A new forecast published by Boeing on Monday shows a 20-year demand for 558,000 pilots and 609,000 technicians, reflecting more than a 4-percent increase over last year’s projections. The Asia-Pacific region will account for 41 percent of the demand for new pilots and 39 percent of new mechanics, equating to more than double the number of each group Europe and North America will need, said the report.
The air transport boom in Asia presents a big infrastructure and staffing challenge for several countries including China, which 20 years ago had no indigenous private aviation industry from which to draw pilots, noted Boeing Flight Services vice president Sherry Carbary. “Outside the U.S., where a lot of the airplanes are going...take Asia-Pacific as an example...people have grown up without little airplanes flying overhead, without being exposed to it like they are in the United States, so there’s been a real focus on how do we get that generation, that population excited about aviation,” she said. “The good news is, in the case of China, there’s a lot of interest and so the real issue is not getting the kids interested in becoming pilots and technicians, it’s making sure the infrastructure exists.”

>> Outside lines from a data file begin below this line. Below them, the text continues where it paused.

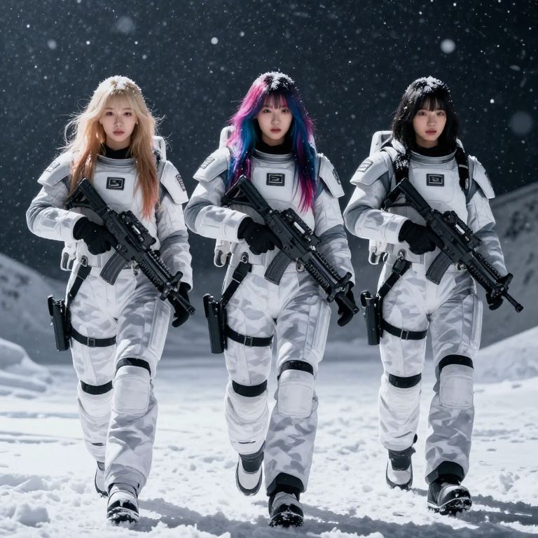 Three Korean female space marines with multicolored hair wearing white winter camouflage body armor are walking in a snowstorm on an icy snowy plain. Each carries an assault rifle and has pistols holstered at their hips. Snowflakes fall thickly, settling on their hair and armor, creating a dramatic high contrast scene.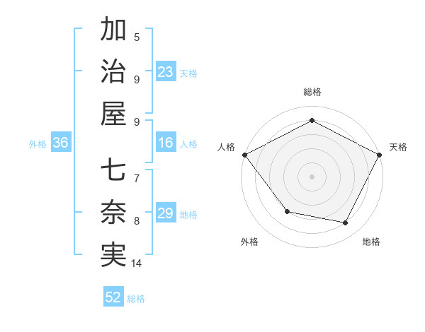 加治屋 七奈実さんの天格は23画の5点!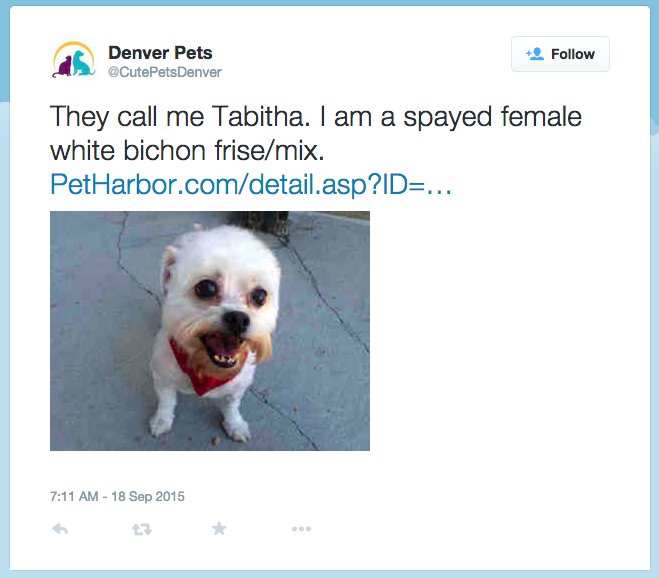 CutePetsDenver Twitter feed: https://twitter.com/CutePetsDenver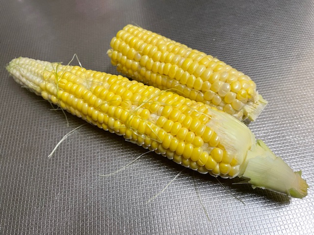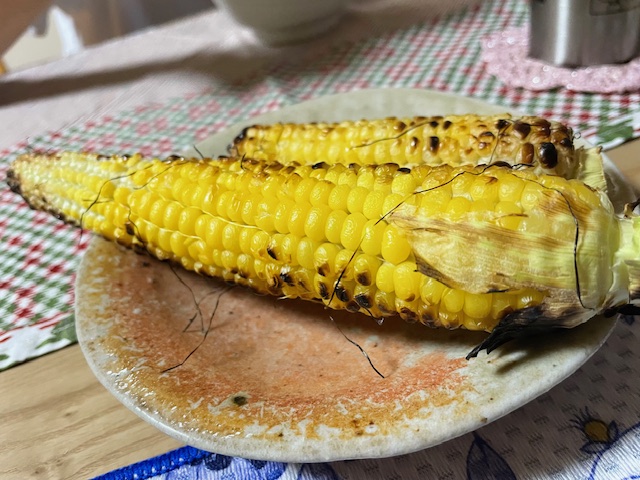 近所で収穫したトウモロコシは、焼いて仕上げました。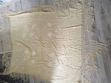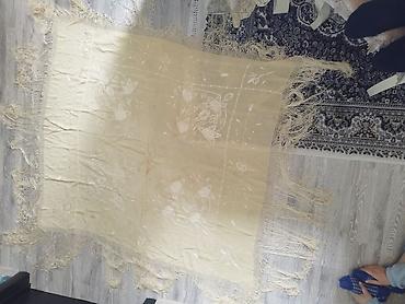 - Bej rəngli böyük şal: Kənarları əl işinə bənzər tor naxışlı və uzun saçaqlı, üzərində incə ağ çiçək-applikasiya və naxışlar. Dördkünc formaya yaxın, otaq və ya çiyin üstü örtü kimi istifadə oluna bilər.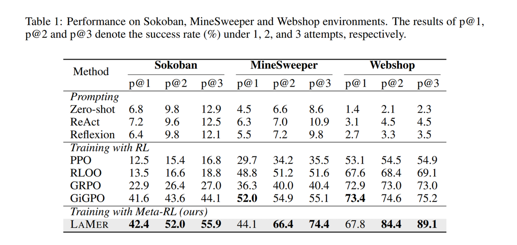 LAMER 的成功证明了: LLM 智能体并不缺乏学习能力,而是缺乏鼓励探索的训练机制。通过 Meta-RL 框架,模型不仅学会了如何执行动作,更学会了如何从失败中提取信息并进行自我修正。

Flight schools and simulator facilities account for a vital part of that infrastructure, and Carbary talked about Boeing’s investment in a program to train ab initio pilots at partner institutions. Boeing counts a network of 17 campuses around the world, consisting of eight Boeing Flight Services owned and operated facilities, six customer sites, a joint-venture campus in Casablanca and a pair of sites—in Mexico City and Buenos Aires—where it has placed simulators. Expansion plans include the placement of a new 737NG simulator at Boeing’s Shanghai training center to support the explosive growth of low-fare carriers in China. Carbary said the company expects the simulator to start operating early next year.
Another challenge involves funding training in places where middle classes, although growing, remain underdeveloped. “One of the big issues if you’re a cadet in China is where are you going to get the money to become a pilot?” said Carbary. “So we’re really pushing the need for more scholarships, more investment in this piece of the market, and it can’t just come from industry. It’s got to be a collaborate approach [involving governments.]”
To arrive at the pilot and technician numbers in its forecast, Boeing drew from its 2015 Current Market Outlook for airplane deliveries, released in June at the Paris Air Show, along with utilization rates, attrition rates and regional differences in staffing specific to aircraft type and regulatory requirements around the world. One region where Boeing’s forecast appears to reflect some growth moderation—the CIS countries—showed a decline in 20-year demand for pilots from 18,000 in last year’s forecast to 17,000 this year, largely due to geopolitical and economic pressures.
Apart from the 226,000 pilots required in the Asia-Pacific region, the forecast shows a need in North America and Europe for roughly 95,000 each. The Middle East will need another 60,000 pilots, according to the report, while demand in Latin America and Africa stands at 47,000 and 18,000, respectively.